● What the exercise asks: Only one stretch of the data should be retyped: the lines from the line containing "ilość zakładek: 4x24" through the line containing "A GROUP OF SIX". Keep pictures out of it.

● Given data:
-- Opening Marker --

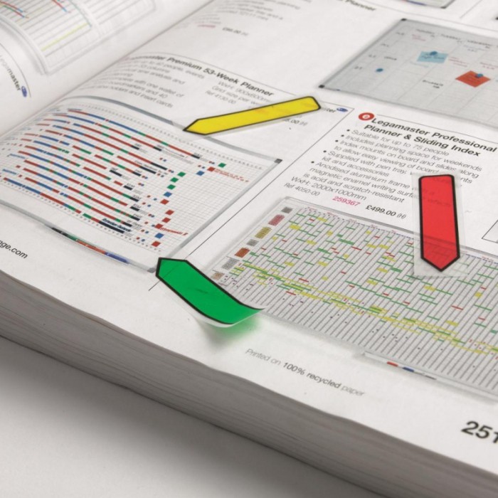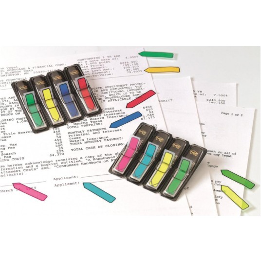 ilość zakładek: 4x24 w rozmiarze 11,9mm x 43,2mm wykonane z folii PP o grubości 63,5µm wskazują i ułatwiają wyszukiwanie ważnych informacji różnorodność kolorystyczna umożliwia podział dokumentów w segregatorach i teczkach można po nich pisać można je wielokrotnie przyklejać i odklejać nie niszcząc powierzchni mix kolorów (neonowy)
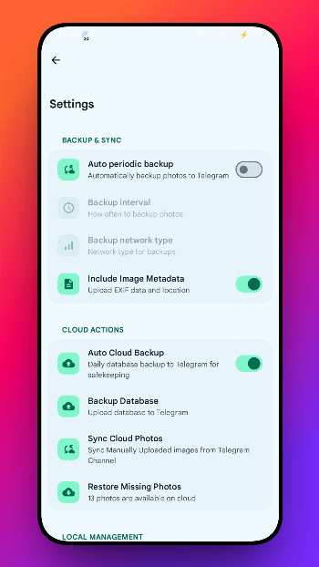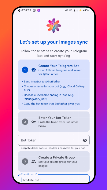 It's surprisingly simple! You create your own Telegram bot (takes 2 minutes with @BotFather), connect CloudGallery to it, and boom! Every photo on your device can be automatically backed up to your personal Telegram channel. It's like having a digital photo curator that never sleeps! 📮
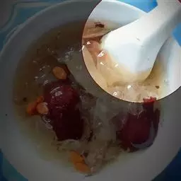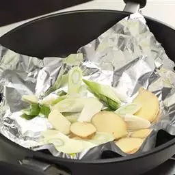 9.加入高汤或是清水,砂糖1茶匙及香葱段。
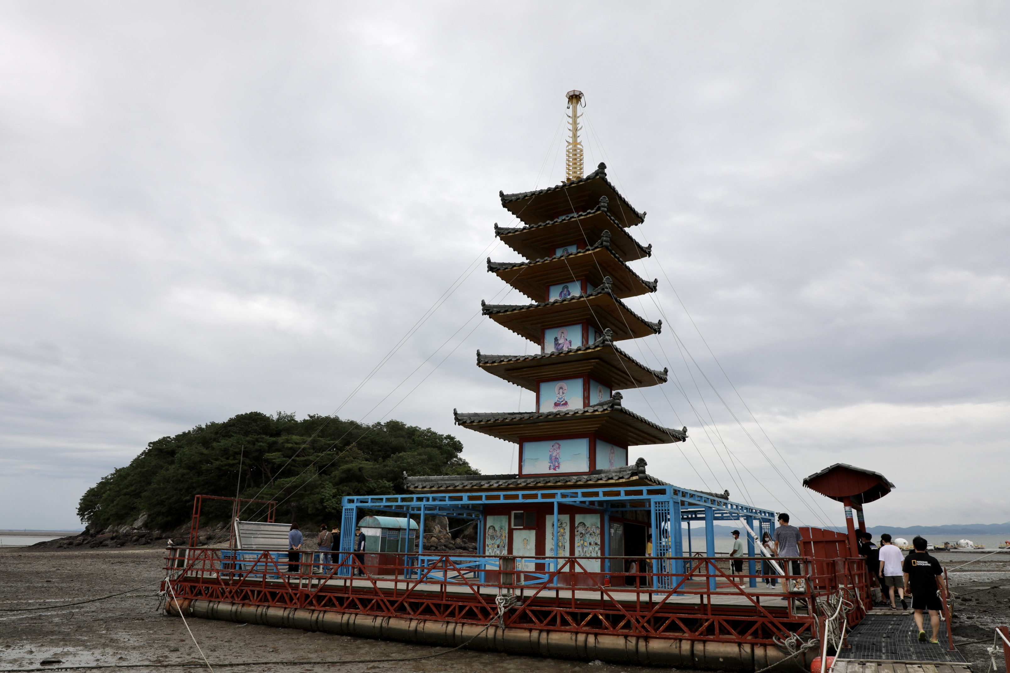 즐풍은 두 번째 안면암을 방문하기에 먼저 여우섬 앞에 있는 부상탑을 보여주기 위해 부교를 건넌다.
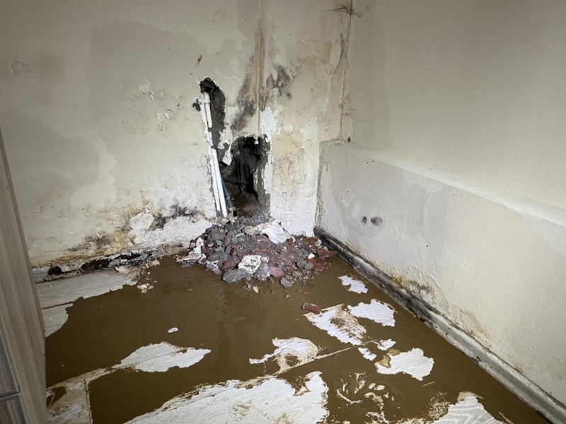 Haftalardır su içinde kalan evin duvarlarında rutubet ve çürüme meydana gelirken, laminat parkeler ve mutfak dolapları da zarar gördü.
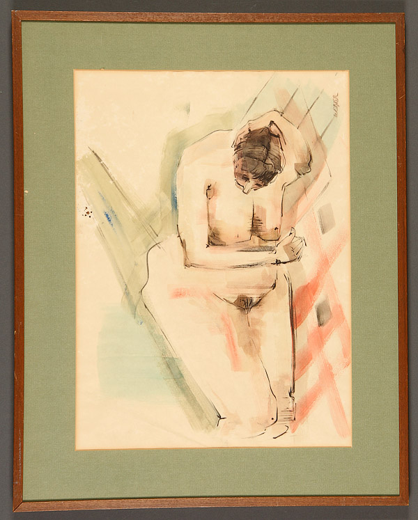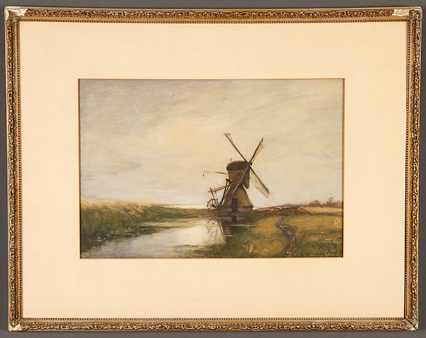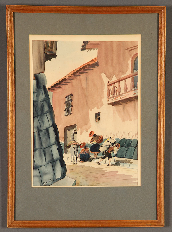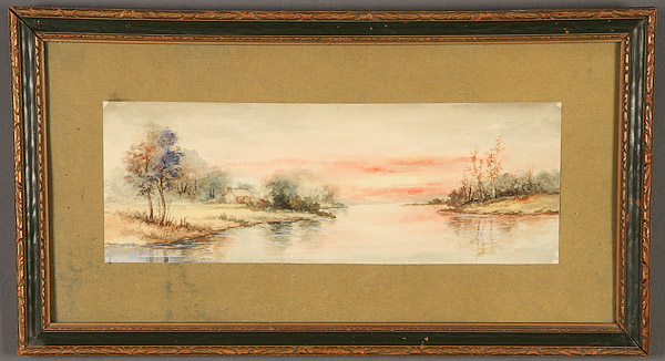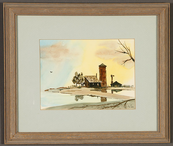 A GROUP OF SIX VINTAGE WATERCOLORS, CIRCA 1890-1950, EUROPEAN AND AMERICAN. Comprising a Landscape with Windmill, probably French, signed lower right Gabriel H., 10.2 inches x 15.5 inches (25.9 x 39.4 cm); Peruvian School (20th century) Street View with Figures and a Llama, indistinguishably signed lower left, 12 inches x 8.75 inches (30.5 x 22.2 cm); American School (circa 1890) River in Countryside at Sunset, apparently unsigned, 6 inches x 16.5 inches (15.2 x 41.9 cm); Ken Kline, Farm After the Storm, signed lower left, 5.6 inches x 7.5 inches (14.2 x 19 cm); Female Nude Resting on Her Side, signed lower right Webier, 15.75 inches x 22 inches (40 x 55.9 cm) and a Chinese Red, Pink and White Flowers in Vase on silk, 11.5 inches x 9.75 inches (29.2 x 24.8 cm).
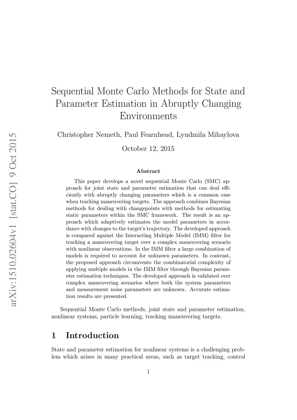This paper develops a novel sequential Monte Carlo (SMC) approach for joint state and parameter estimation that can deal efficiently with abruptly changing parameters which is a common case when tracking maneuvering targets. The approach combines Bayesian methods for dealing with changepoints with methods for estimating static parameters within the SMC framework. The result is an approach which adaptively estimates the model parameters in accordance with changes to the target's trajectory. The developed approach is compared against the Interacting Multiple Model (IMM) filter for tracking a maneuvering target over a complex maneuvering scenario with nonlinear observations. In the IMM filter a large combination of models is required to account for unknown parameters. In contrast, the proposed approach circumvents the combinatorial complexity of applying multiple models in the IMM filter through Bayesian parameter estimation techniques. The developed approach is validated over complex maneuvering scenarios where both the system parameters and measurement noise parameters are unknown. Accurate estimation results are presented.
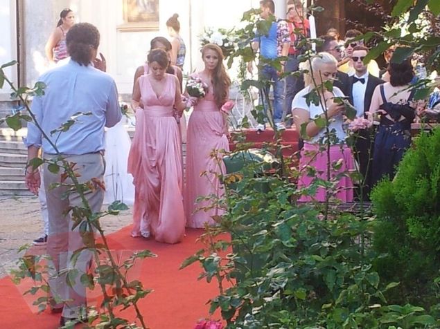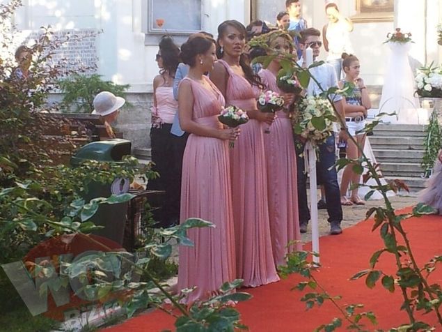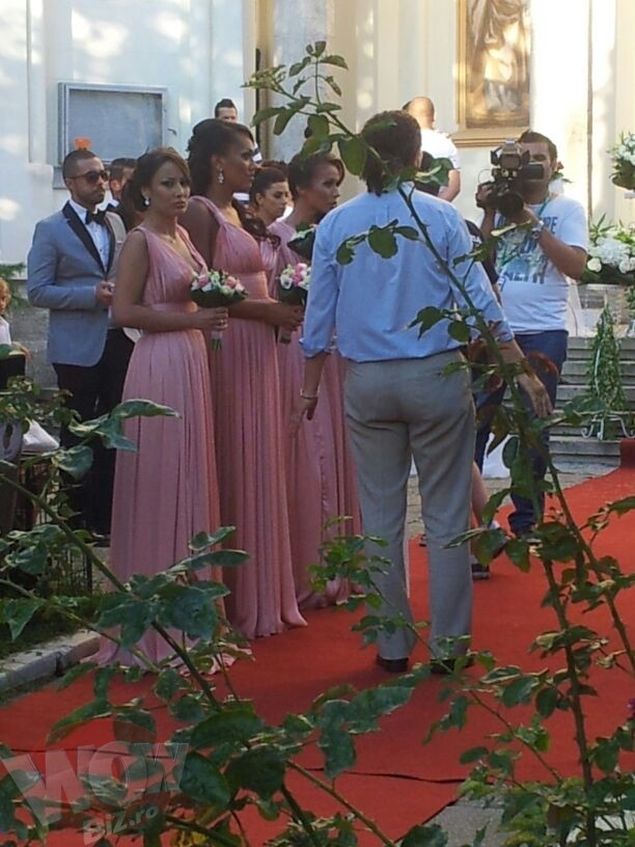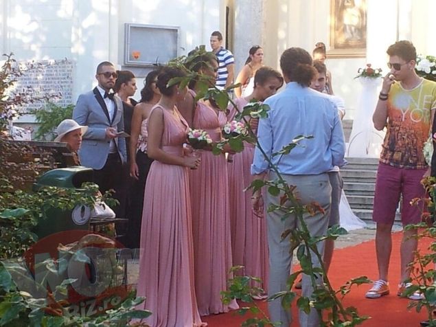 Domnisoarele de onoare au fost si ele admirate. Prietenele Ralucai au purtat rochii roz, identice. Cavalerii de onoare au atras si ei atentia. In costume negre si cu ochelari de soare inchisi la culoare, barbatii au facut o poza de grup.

-- Closing Marker --
-- Opening Marker --

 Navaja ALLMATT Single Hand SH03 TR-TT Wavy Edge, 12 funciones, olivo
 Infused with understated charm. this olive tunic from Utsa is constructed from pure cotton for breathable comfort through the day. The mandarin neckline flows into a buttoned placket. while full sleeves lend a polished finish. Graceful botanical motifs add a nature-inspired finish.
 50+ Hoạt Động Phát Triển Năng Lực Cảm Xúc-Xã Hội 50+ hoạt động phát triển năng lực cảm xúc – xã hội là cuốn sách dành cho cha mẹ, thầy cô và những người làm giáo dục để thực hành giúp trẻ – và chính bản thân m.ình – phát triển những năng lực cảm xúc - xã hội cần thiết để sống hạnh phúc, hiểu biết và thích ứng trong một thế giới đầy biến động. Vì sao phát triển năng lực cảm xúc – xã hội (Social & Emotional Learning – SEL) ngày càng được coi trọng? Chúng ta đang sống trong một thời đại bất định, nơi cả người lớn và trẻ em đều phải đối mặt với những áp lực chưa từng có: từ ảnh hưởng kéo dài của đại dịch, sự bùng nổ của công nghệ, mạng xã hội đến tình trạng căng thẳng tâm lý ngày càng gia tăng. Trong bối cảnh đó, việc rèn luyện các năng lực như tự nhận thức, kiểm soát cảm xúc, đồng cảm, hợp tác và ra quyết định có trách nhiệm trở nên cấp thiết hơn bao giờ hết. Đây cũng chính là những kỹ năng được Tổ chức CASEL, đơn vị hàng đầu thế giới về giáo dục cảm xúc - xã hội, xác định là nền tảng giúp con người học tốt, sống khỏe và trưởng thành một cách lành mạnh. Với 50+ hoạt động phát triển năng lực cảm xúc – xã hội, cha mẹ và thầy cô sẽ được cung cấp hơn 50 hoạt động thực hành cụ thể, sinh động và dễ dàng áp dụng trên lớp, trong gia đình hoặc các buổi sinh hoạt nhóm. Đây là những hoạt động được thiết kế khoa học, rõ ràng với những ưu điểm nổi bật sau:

-- Closing Marker --
-- Opening Marker --

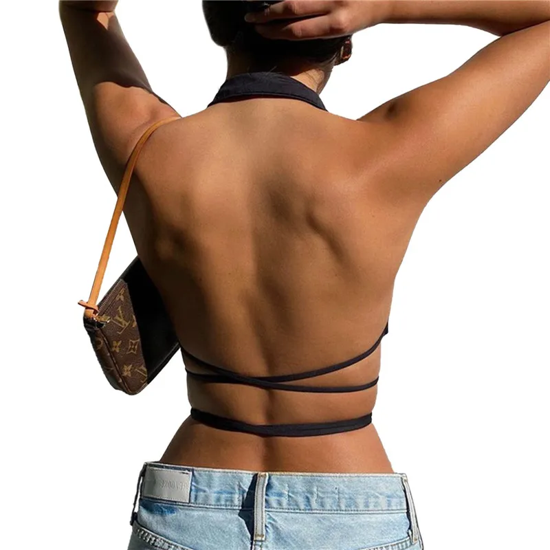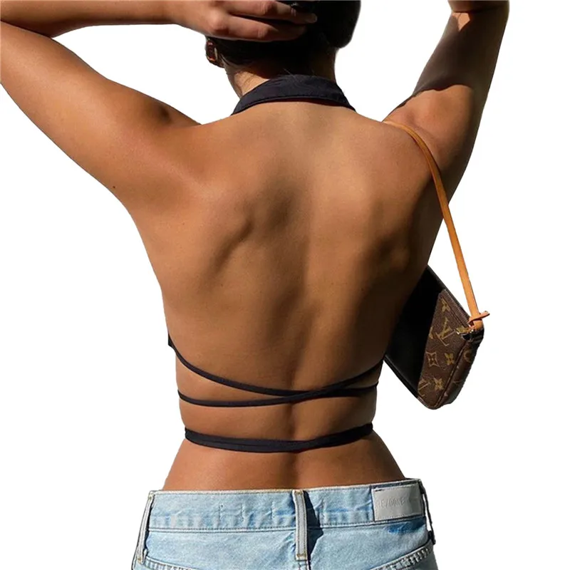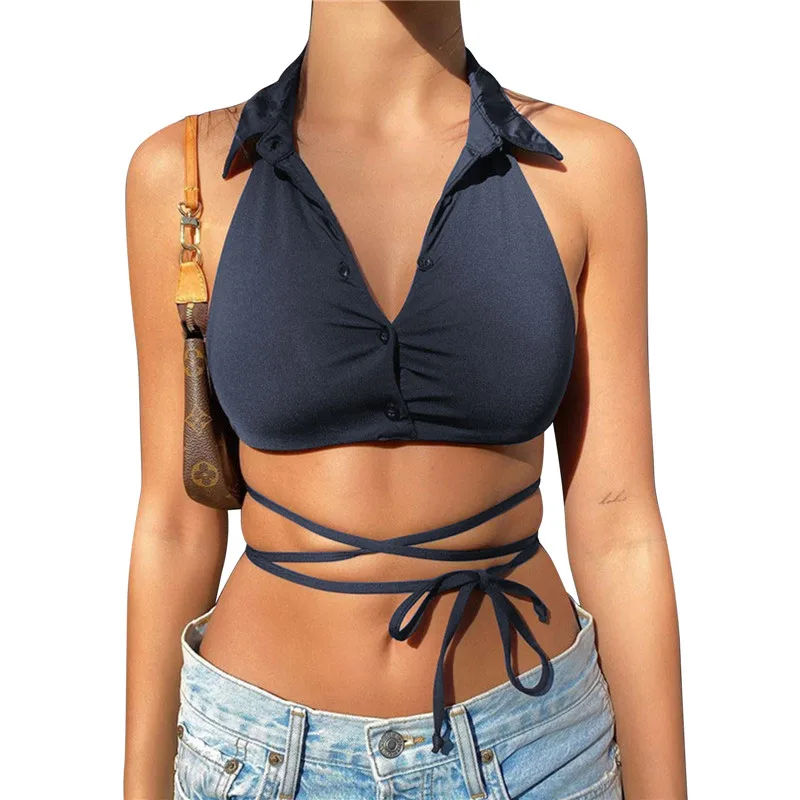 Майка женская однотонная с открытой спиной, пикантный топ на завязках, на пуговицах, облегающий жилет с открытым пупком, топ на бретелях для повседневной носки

-- Closing Marker --

● Response area:
 ilość zakładek: 4x24 w rozmiarze 11,9mm x 43,2mm wykonane z folii PP o grubości 63,5µm wskazują i ułatwiają wyszukiwanie ważnych informacji różnorodność kolorystyczna umożliwia podział dokumentów w segregatorach i teczkach można po nich pisać można je wielokrotnie przyklejać i odklejać nie niszcząc powierzchni mix kolorów (neonowy)
 It's surprisingly simple! You create your own Telegram bot (takes 2 minutes with @BotFather), connect CloudGallery to it, and boom! Every photo on your device can be automatically backed up to your personal Telegram channel. It's like having a digital photo curator that never sleeps! 📮
 9.加入高汤或是清水,砂糖1茶匙及香葱段。
 즐풍은 두 번째 안면암을 방문하기에 먼저 여우섬 앞에 있는 부상탑을 보여주기 위해 부교를 건넌다.
 Haftalardır su içinde kalan evin duvarlarında rutubet ve çürüme meydana gelirken, laminat parkeler ve mutfak dolapları da zarar gördü.
 A GROUP OF SIX VINTAGE WATERCOLORS, CIRCA 1890-1950, EUROPEAN AND AMERICAN. Comprising a Landscape with Windmill, probably French, signed lower right Gabriel H., 10.2 inches x 15.5 inches (25.9 x 39.4 cm); Peruvian School (20th century) Street View with Figures and a Llama, indistinguishably signed lower left, 12 inches x 8.75 inches (30.5 x 22.2 cm); American School (circa 1890) River in Countryside at Sunset, apparently unsigned, 6 inches x 16.5 inches (15.2 x 41.9 cm); Ken Kline, Farm After the Storm, signed lower left, 5.6 inches x 7.5 inches (14.2 x 19 cm); Female Nude Resting on Her Side, signed lower right Webier, 15.75 inches x 22 inches (40 x 55.9 cm) and a Chinese Red, Pink and White Flowers in Vase on silk, 11.5 inches x 9.75 inches (29.2 x 24.8 cm).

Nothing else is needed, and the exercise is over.